無理に笑って貰っても、この場の雰囲気は良くならないんですけど…。でも、気を遣わせてるのが分かるから、俺は謝罪の言葉をもう一度口にする。



「勇斗さん、すいません…」

「と、と、と、透くん!!まさか、もう、五十鈴と――っ?!!!」



勇斗さんっ!目が、目が怖いって!!



「あ、いや!何て言うか…。えっと、俺が言ってるのは今回の旅行の事!」

「旅行?」

「最初から俺が羽澄と行けば、こういう事にはならなかったと…」

「やっぱり…、羽澄のヤツが絡んでるのか」



がっくり肩を落とす勇斗さん。


息子の俺から見ても、いつもどんな時も羽澄は台風の目だ。


それに、詳しくは知らないが、どうやら昔から勇斗さんは羽澄には頭が上がらないらしい。
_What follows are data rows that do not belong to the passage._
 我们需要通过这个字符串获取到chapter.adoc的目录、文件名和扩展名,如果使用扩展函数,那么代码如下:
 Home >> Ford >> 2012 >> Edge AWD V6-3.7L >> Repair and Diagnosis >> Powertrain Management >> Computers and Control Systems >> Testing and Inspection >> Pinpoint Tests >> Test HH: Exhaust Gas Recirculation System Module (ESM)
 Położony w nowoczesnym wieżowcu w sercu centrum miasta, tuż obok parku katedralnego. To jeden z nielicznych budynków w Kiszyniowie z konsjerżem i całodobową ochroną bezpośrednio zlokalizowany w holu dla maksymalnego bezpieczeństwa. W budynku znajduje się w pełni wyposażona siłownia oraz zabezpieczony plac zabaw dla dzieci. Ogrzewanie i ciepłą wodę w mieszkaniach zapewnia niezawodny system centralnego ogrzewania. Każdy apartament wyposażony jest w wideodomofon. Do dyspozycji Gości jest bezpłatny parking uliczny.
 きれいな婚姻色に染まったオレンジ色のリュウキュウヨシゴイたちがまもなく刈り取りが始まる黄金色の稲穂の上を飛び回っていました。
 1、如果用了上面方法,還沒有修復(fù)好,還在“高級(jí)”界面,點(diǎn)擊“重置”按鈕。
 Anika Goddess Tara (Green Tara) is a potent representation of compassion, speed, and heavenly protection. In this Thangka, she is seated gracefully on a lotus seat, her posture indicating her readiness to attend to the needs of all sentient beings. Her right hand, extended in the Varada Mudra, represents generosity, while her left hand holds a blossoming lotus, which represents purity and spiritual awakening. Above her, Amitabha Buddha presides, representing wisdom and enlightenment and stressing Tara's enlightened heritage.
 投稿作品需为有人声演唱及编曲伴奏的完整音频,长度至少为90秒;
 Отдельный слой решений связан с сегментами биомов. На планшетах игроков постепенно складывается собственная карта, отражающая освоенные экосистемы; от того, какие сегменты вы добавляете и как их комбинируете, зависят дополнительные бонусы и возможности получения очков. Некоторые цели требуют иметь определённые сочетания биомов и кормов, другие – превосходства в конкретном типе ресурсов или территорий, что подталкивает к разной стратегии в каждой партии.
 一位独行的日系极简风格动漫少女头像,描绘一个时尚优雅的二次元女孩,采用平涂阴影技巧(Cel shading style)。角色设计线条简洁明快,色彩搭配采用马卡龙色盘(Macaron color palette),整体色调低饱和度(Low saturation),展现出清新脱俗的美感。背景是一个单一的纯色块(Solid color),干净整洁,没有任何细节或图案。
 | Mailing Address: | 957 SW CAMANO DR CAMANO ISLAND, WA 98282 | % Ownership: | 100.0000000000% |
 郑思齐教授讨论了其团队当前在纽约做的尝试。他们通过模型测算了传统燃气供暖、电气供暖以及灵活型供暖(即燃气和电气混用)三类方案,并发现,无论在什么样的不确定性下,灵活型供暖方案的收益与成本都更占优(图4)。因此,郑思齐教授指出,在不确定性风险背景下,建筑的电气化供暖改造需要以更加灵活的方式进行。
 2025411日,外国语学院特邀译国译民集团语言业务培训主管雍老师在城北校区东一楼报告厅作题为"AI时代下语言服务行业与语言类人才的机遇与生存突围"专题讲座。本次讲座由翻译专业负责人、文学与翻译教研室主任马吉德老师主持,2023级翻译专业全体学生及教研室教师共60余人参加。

(まぁ、そう簡単に羽澄に勝てるヤツなんていないけどな…)



「ねぇ、お父さん。先にお風呂入る?ご飯、残りだけど食べる?」



戻って来た五十鈴が勇斗さんに声を掛ける。


勇斗さんは「先に食べるよ」と答えると「じゃあ、透はお風呂入って来てね」と五十鈴は食事の準備を始めながら俺に言う。



「五十鈴、すまんな…」

「どうしてお父さんが謝るの?わたしの事、心配して帰って来てくれたのに」



パーっと勇斗さんの顔が明るくなる。



「五十鈴っ!」

「ひゃっ?!」



むぎゅ!


ぱちん!!



五十鈴の平手が勇斗さんの左頬に炸裂する瞬間を見てしまった。


しかも、そこはさっき俺が遠慮無しに殴った箇所で。



「おおおおおお、お父さん!!何するのよーっ!!」

「だ、だって、五十鈴があんまり優しくて可愛いから…」

「だ、だからって、後ろからいきなり抱き付かれたら、びっくりするでしょう!!!!」



相変わらず、勇斗さんって災難だよな。


この仲の良い父娘のやり取りに巻き込まれたくない…、という思いから足早に風呂へ向かう。


要するに、今の五十鈴に抱き付くには後ろから不意打ちはダメ事か。


あれは、普段以上に警戒心が強くなっているな。